The Holocene extinction event is a term used to refer to the ongoing extinction of numerous animal species due to human activities. It is named after the geologic period of the Holocene, which began 11,550 years ago (about 9600 BC) and continues to the present. The Holocene extinction has eliminated between 20,000 and several hundred thousand species over the course of the last 12,000 years.

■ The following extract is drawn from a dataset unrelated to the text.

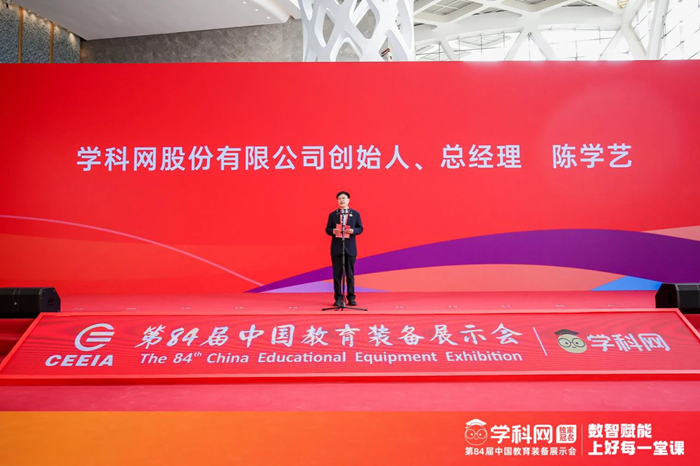 ▲在開(kāi)幕式上,學(xué)科網(wǎng)創(chuàng)始人、總經(jīng)理陳學(xué)藝作為參展商代表致辭

The Holocene extinction is composed of two major pulses: one pulse 13,000 to 9,000 years ago, during the end of the last glacial period, when much of the Pleistocene megafauna went extinct, and a recent pulse, starting around 1950, when mass deforestation and other human activities have resulted in the extinction of many species.
Animal species extinct from the first pulse of the Holocene extinction include several species of mammoth, the dire wolf, short-faced bear, cave lion, cave bear, cave hyena, dwarf elephants, giant swan, giant rat, mastodon, American cheetah, ground sloths, marsupials of many species, numerous giant flightless birds, and many other animals. Most scientists are in agreement that these animals went extinct due to human activity, as many of them disappear within 1,000 years of the introduction of humans to an area. Some of the most precise findings are from evidence in Australia and the Americas, which were relatively isolated until the arrival of humans.
Animals that have gone extinct recently, during the latest pulse of the Holocene extinction, include the dodo, aurochs (a large type of horned cattle), the tarpan (a small horse), the Tasmanian Tiger, the quagga (a zebra relative), Steller's Sea Cow (relative of the manatee and Dugong), the giant Aye-aye (a nocturnal primate), the Great Auk (a penguin-like bird from the Atlantic region), the passenger pigeon (with about five billion birds in North America, was formerly one of the most numerous birds on the planet), the Golden Toad of Costa Rica, and many others. Biologists agree that the current extinction rate of animal species is several hundred times higher than the typical background level.